- Lauren Vélez as María LaGuerta
- First appearance: Novels: Darkly Dreaming Dexter (2004) Television: "Dexter" (2006)
- Last appearance: Novels: Darkly Dreaming Dexter (2004)
- Created by: Jeff Lindsay
- Portrayed by: Lauren Vélez Christina Milian (Original Sin)

In-universe information
- Full name: María Esperanza di Alma LaGuerta
- Gender: Female
- Occupation: Police captain
- Spouses: Ángel Batista (ex-husband; deceased)
- Nationality: Cuban American

= María LaGuerta =

Fictional character in Dexter

Captain María Esperanza di Alma LaGuerta (/ləˈɡwɛərtə/ or /ləˈɡwɜrtə/; María LaGüerta, Migdia LaGuerta in Darkly Dreaming Dexter) is a fictional character portrayed by Lauren Vélez in the Showtime television series Dexter, and as a younger version of LaGuerta by Christina Milian in Dexter: Original Sin. In the original series, she holds the position of lieutenant at the fictitious Miami-Metro Homicide Department. While initially depicted as a protagonist, Maria LaGuerta, who serves as the superior officer to main characters Dexter and Debra Morgan, evolves into one of the primary antagonists by Season 7.

==Character history==
Discussions between LaGuerta and Angel Batista in the first and fourth seasons provide minor insight into LaGuerta's backstory. According to the dialogue, her family is located entirely in Cuba, and she mentions the experience of being alone in a foreign land, suggesting that she was sent to live in America independently.

===Season one===
In the series' beginning, LaGuerta is depicted as a determined and ambitious woman with a stronger aptitude for political maneuvering than practical police duties. She holds a deep animosity towards Debra, Dexter Morgan's sister, but harbors an attraction to Dexter. In the conclusion of the first season, Captain Tom Matthews, her superior, removes her from her leadership position due to her inability to apprehend the Ice Truck Killer.

===Season two===
In the early episodes of season two, LaGuerta grapples with her demotion and dissatisfaction with her replacement, Esmee Pascal. To retaliate, she engages in a romantic relationship with Pascal's fiancé, Bertrand, which fuels Pascal's growing paranoia and instability. As Pascal's behavior becomes increasingly erratic, Captain Matthews is compelled to remove her from her position and reinstate LaGuerta.

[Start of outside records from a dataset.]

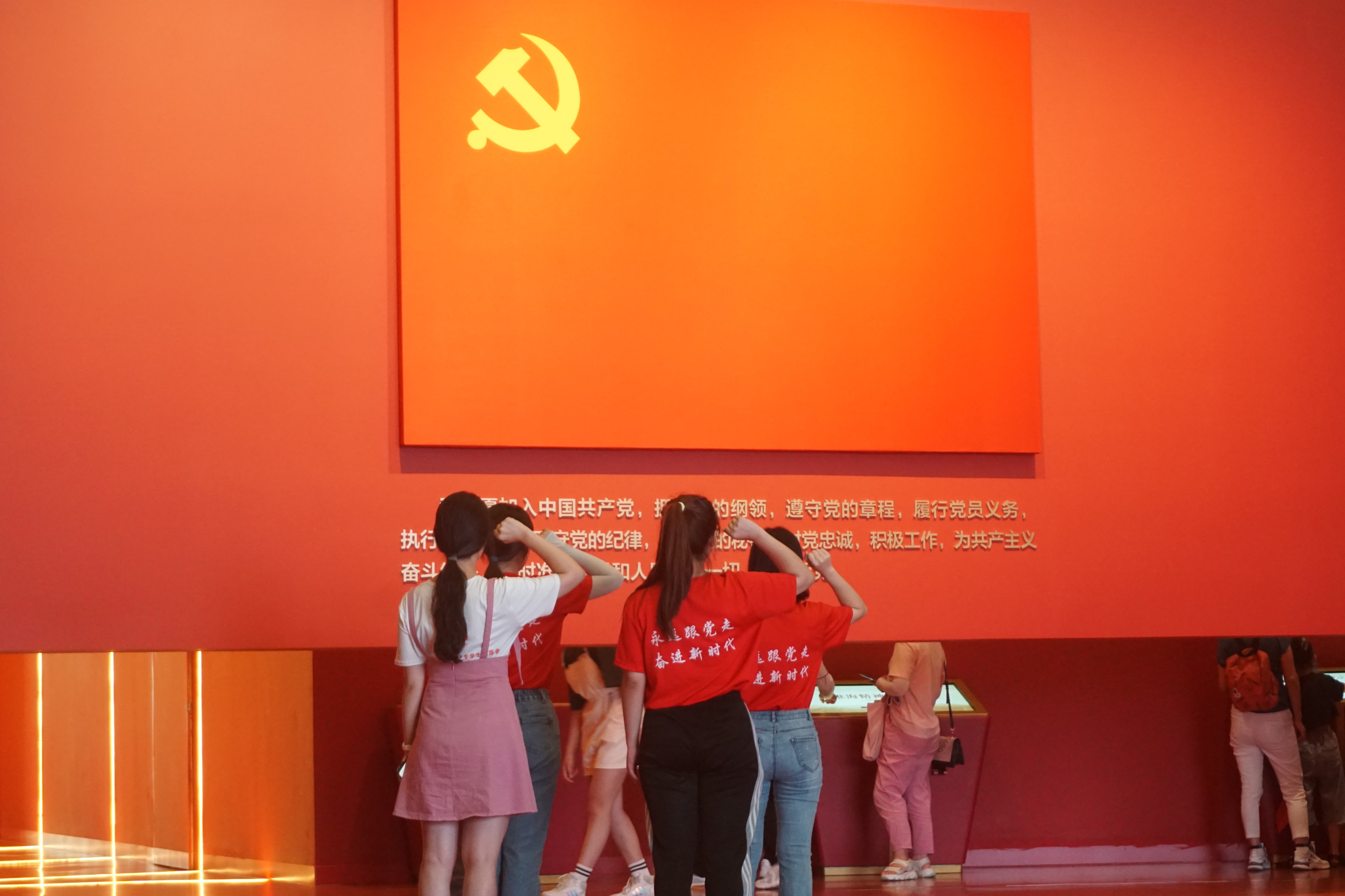 7月24日,实践团集体前往江苏省徐州市淮海战役纪念馆。随着纪念馆工作人员的讲解,成员们全面回顾了淮海战役的各个阶段和感人场景,“十人桥”的战士们为了部队的前进以身为桥,“人民的母亲”范大娘先后将三个儿子送进革命队伍,自己也投身于战争大后方,真正体会到淮海战役是人民的胜利。受此感召,在二楼展厅党旗前,队长陈思源带领团队中的党员举起右手,庄严宣誓,重温入党誓词。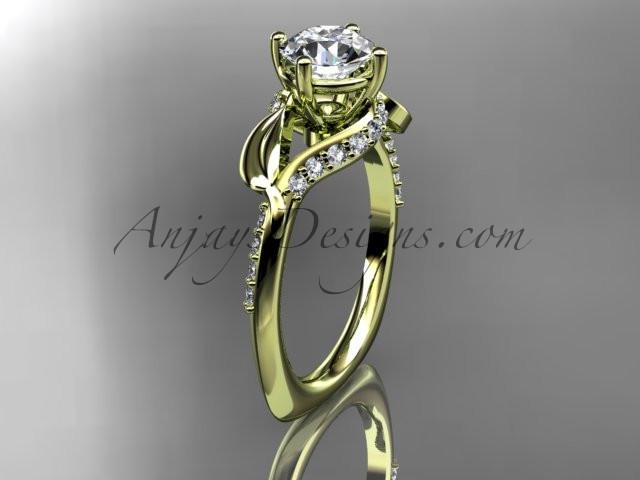 Unique 14k yellow gold diamond leaf and vine wedding ring, engagement ring ADLR225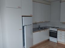 Lattia: Keittiössä: laminaatti. Olohuoneessa: laminaatti. Seinät: Keittiössä: maalattu.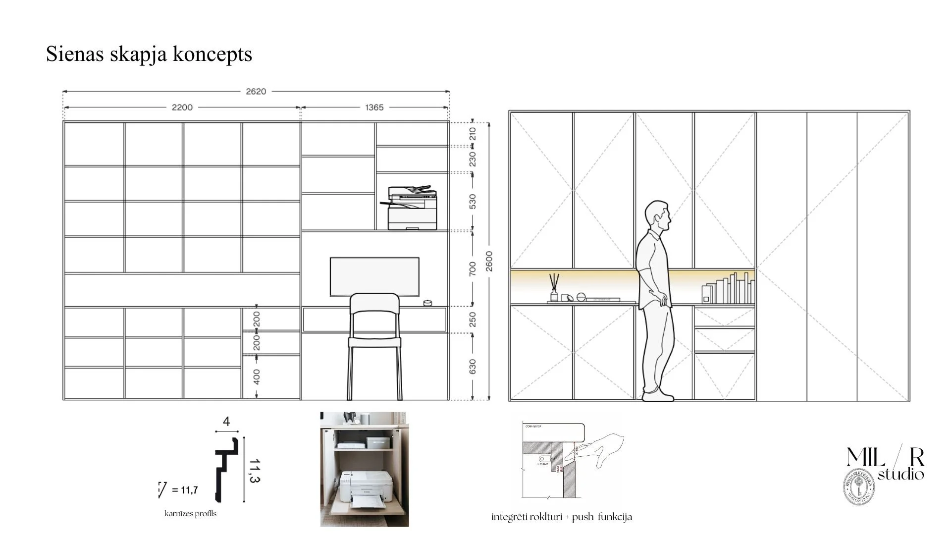 Ģimenes mājas projekts, radīts, lai risinātu glabāšanas vietas ierobežojumus. Skice koncentrējas uz praktisku un estētisku risinājumu kombināciju, iekļaujot daudzfunkcionālu mēbeli, vertikālu uzglabāšanu un slēptas glabātuves iespējas. Katrs elements ir veidots, lai maksimāli izmantotu telpu, saglabājot mājīgumu un funkcionālu ikdienu.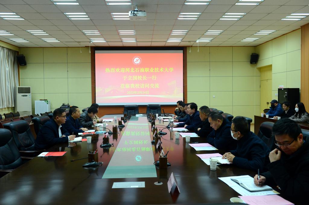 的热情接待表示感谢,并介绍了河北石油职业技术大学的历史沿革和办学基本情况。他表示,今年正值河北石油职业技术大学建校120周年之际,希望以此次交流为契机,不断巩固和深化两校之间的友谊,相互借鉴、取长补短,实现以交流促发展的美好愿景,共同推进两校各项事业高质量发展。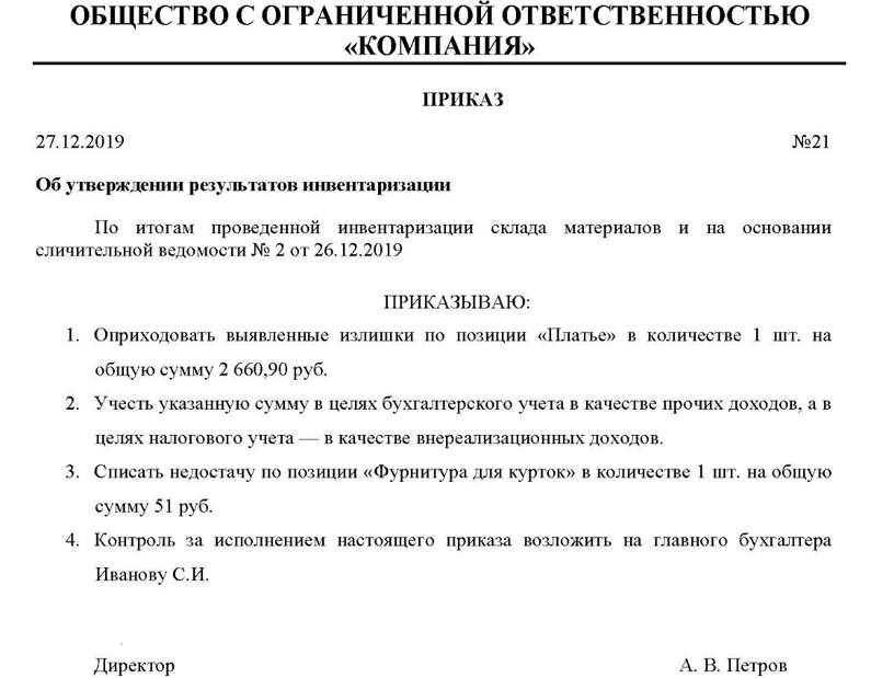 Далее создается распоряжение, в котором указаны все результаты инвентаризации. Руководитель назначает ответственное лицо, которое должно исполнить приказ, а также человека, который будет контролировать исполнение: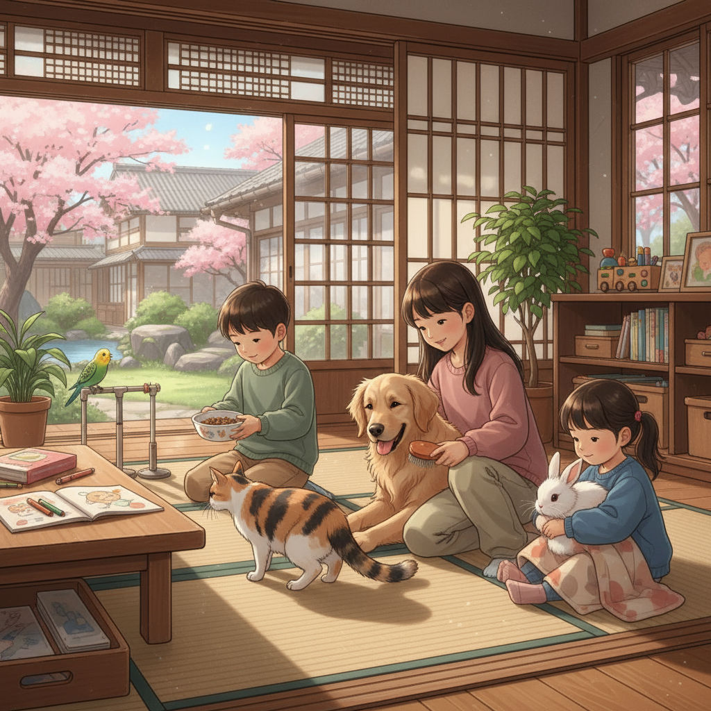 小さな手のひらが、ふわふわとした毛並みにそっと触れる瞬間。子供の顔には驚きと喜びが混ざり合った表情が浮かび、ペットもまた尻尾を揺らしながら応えてくれる。ペットとの生活は、子供たちにとってかけがえのない学びと成長の場となります。朝起きてすぐにペットの様子を確認し、学校から帰ればまっさきに抱きしめる。そんな日常の中に、言葉では言い表せない温かな絆が育まれていくのです。

LaGuerta implores Doakes to go along with Lundy’s investigation and discovers he is considering retiring from being an officer. She offers to set him up with another employer, and plans to meet him with Doakes that night. Doakes does not show up to the meeting. After Doakes becomes the primary suspect in the Bay Harbor Butcher case, LaGuerta endeavors to vindicate him. She receives information from a dubious source regarding two Special Forces missions undertaken by Doakes, which coincide with the deaths of two Butcher victims. In the season finale, Doakes and drug dealer Jose Garza are discovered dead in an apparent accidental explosion, leading to the case's closure. Despite the evidence LaGuerta uncovers, it is disregarded. Following Doakes' demise, LaGuerta appeals to police officers for contributions to his memorial fund, refusing to accept the notion that her deceased friend was a serial killer.

===Season three===
LaGuerta announces Batista’s promotion to sergeant, and she is reunited with Miguel Prado (Jimmy Smits) after his brother Oscar is killed. After Debra unintentionally badmouths Oscar in front of Miguel, LaGuerta convinces Batista to drop her from the case, and attends Oscar’s wake. LaGuerta tries to reassure Miguel that the police will find Freebo, though he is doubtful. After Batista and Quinn are offered information exonerating Chickey Hines, who Miguel convicted, LaGuerta confronts Miguel with the new evidence. At Batista’s mention, LaGuerta confronts Miguel over not speaking with Chickey Hines. LaGuerta gets frustrated when evidence suggests Freebo is probably gone. When LaGuerta again confronts Miguel over not talking to her witness, Miguel suggests that having to accept Doakes was the Bay Harbor Butcher may be clouding her judgement. LaGuerta gives a witness statement granting Hines an alibi to his attorney, Ellen Wolf. Ramon meets with LaGuerta after he begins working on the case of a woman murdered by the Skinner, and suspects him of using the case to insert himself into the investigation of his brother's death. LaGuerta is enraged at Wolf after finding out she is investigating Miguel for misconduct. Batista keeps her out of the loop while Debra looks into the possibility of Ramon as the Skinner, and LaGuerta compliments Debra after Ramon is arrested for false imprisonment.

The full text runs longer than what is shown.